I would usually make at least a 3 litre starter for a 25 litre batch of wort. Maybe a drop of olive oil and yeast nutrient in the starter if not currently using it.

Flashback to Sept 2005. I note that it took a few days to kick off at 10°C , but was sooo worth it!

I think I still have that same culture of W2278.

Les


----------



## Black n Tan (7/5/14)

Dave70 said:


> I shake the starter (no stir plate yet), and oxygenate the wort with an air stone.
> All the same, should make no difference as to whether the yeast fires or not.


It can make a difference to the lag phase. I think a 2L starter with intermittent shaking is not giving you enough yeast and consequently the lag phase is extended. A stir plate really helps for making big healthy lager starters.


----------



## TheWiggman (7/5/14)

The more I read of this sort of stuff the more I'm realising a stir plate is almost necessary for a lager.

Dave, I recently did my first lager at 13°C in 23l of wort. I stepped up to 2l in 3 steps and I regularly stirred by hand. It kicked off after 24h but took 3 weeks to finish, including temp raising. I'm guessing when yours gets going it'll probably take a long time to finish as well.

I'm going to invest in a stir plate before I do my next lager. Join my team. Beat impatience.


----------



## mje1980 (7/5/14)

Did you chill the yeast starter to pitching temp as well as the cube?.


----------



## Dave70 (7/5/14)

mje1980 said:


> Did you chill the yeast starter to pitching temp as well as the cube?.



No.
No I didn't...

Wort was at 10, but the starter would have been more like 17 or there about. 

Oops..


----------



## mje1980 (7/5/14)

Probably shocked the yeast. I make a big starter ( 3-4 litres of dependant ) then when it's done, whack it in the ferm fridge with the cube overnight. Then when I pitch, both starter and cube are at same temp. Done this the last few lagers, and they have been my best lagers by far. 

It will more than likely turn out fine mate.


----------



## mje1980 (7/5/14)

With cold pitching, I find it does take 24 hours before you see any activity, but at such cold temps ( I pitch around 7c then let come up to 10 ) any bad bugs are slower to act, and you have a heap of good beer yeast ready to party like its 1.999


----------



## Dave70 (7/5/14)

I realy am a larger noob.
Still nothing, so I'll raise it to 12 and throw the air stone in for a bit and see if things get a little more roudy. if worst comes to worst, make a big angry starter and re pitch. No biggie.

In the mean time, I'll knock up and keg a few ALES..


----------



## manticle (7/5/14)

Since you've underpitched I would be adding more yeast anyway.
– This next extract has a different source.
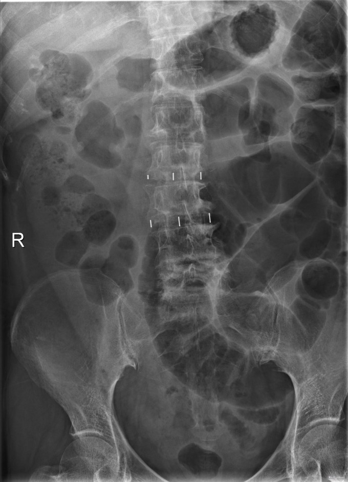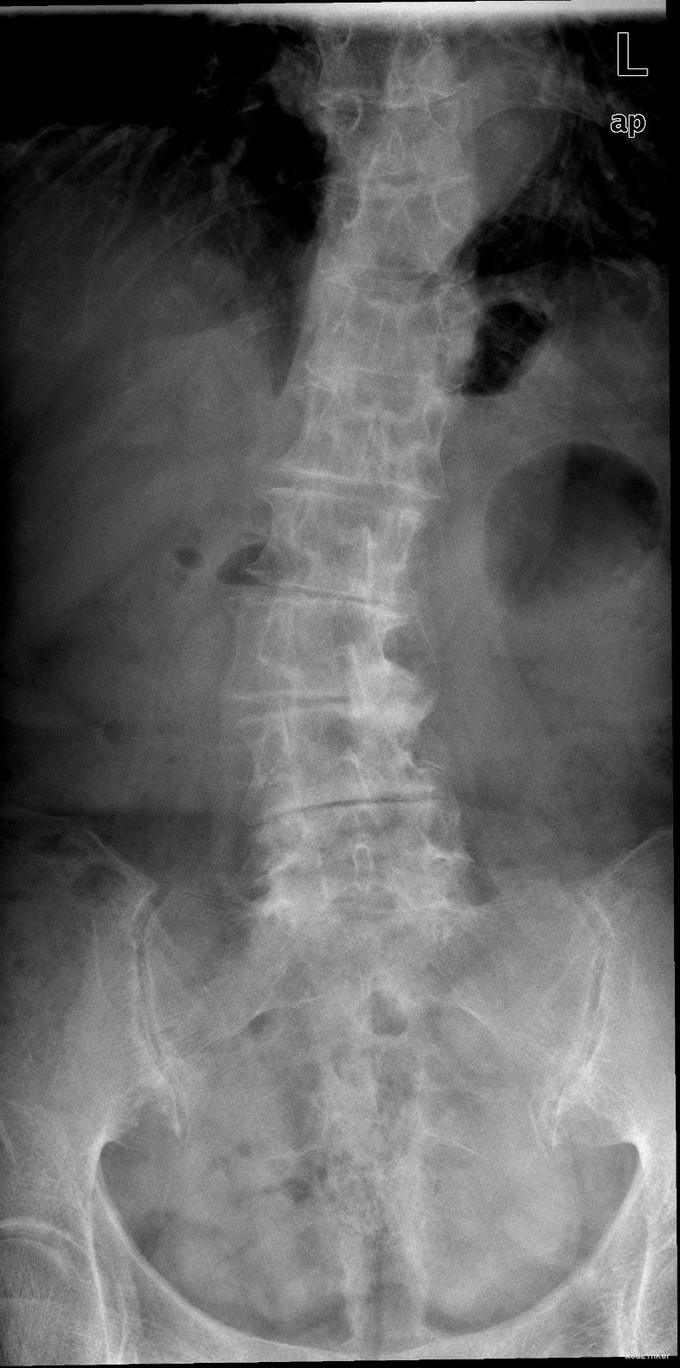主诉:腰部无力伴右脚麻木3-4年 病史:患者女性,67岁,3-4年前出现腰部无力感,腰前屈后无法直起,时伴腰痛,同时有右腿麻木酸胀,走路后症状加重,过去三年中,采用针灸,膏药,理疗等保守方式治疗,症状未明显缓解。近期出现麻木无力感症状加重。

I'm a 1 pack guy but I pitch the pack into 6-8 L and add the lot in when active.


----------



## Red Baron (7/5/14)

This has been an informative thread. I've got an aussie lager currently in the fermenting fridge that I know I underpitched- I won't make that mistake again after reading everyone's methods. 

Thanks,
RB


----------



## anthonyUK (7/5/14)

I used a 'direct pitch' pack of 2278 recently. It was in date and was refrigerated in the shop.
It didn't swell which wasn't encouraging and took 4-5 days for any signs of fermentation @12°c.
The batch doesn't smell or taste like it will be usable but I'll give it a few more days before chucking it.
Gravity has hardly changed either :unsure:


----------



## mje1980 (8/5/14)

Dave70 said:


> I realy am a larger noob.
> Still nothing, so I'll raise it to 12 and throw the air stone in for a bit and see if things get a little more roudy. if worst comes to worst, make a big angry starter and re pitch. No biggie.
> 
> In the mean time, I'll knock up and keg a few ALES..
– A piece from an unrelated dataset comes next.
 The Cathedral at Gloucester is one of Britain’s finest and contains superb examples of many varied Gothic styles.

I don't brew many lagers, they take a long time to do right, any wrong flavours stand out, and really, I'm more of an ale man. However I do like to brew them now and again. They are a challenge to get right ( not that I've got my ales perfect or anything ). Apart from ferm temp, I've found when it comes to yeast, pitch lots, and pitch it cold. This has made the biggest difference for me, and I'm quite happy with my lagers now.

You can always use wyeast 1007 at 12-15c for a very nice pseudo lager.


----------



## Dave70 (8/5/14)

mje1980 said:


> I don't brew many lagers, they take a long time to do right, any wrong flavours stand out, and really, I'm more of an ale man. However I do like to brew them now and again. They are a challenge to get right ( not that I've got my ales perfect or anything ). Apart from ferm temp, I've found when it comes to yeast, pitch lots, and pitch it cold. This has made the biggest difference for me, and I'm quite happy with my lagers now.
> 
> You can always use wyeast 1007 at 12-15c for a very nice pseudo lager.


Pseudo? _never!.._Hated the implications of that word ever since _Pseudo Echo._

But I could count on one hand how many lagers I've brewed - as if it wasn't obvious. Yeah, they can be tricky and long winded, but I'd hate to bypass bock, pilsner or dunkel awesomeness because of it.
Certainly be wiser next time for this thread.


----------



## philistine (10/5/14)

This is exactly the thread I need right now! Cheers guys.
I've just finished the boil etc. and cubed 20-21 litres of what I reckon is gonna be a ******* bullshit pilsner.
Anyway, Im using white labs wlp800 and Im gonna grow my starter to 3L over the next day or 3 (or however long it takes) but Im wondering, when should I pitch it?

Should I wait till it finishes fermenting and the yeast drops out? If I do this, im guessing the idea would be to cold crash once complete, decant a bit of the starter wort out and pitch the slurry?
OR
should I pitch it wort and all while its in full swing with krausen?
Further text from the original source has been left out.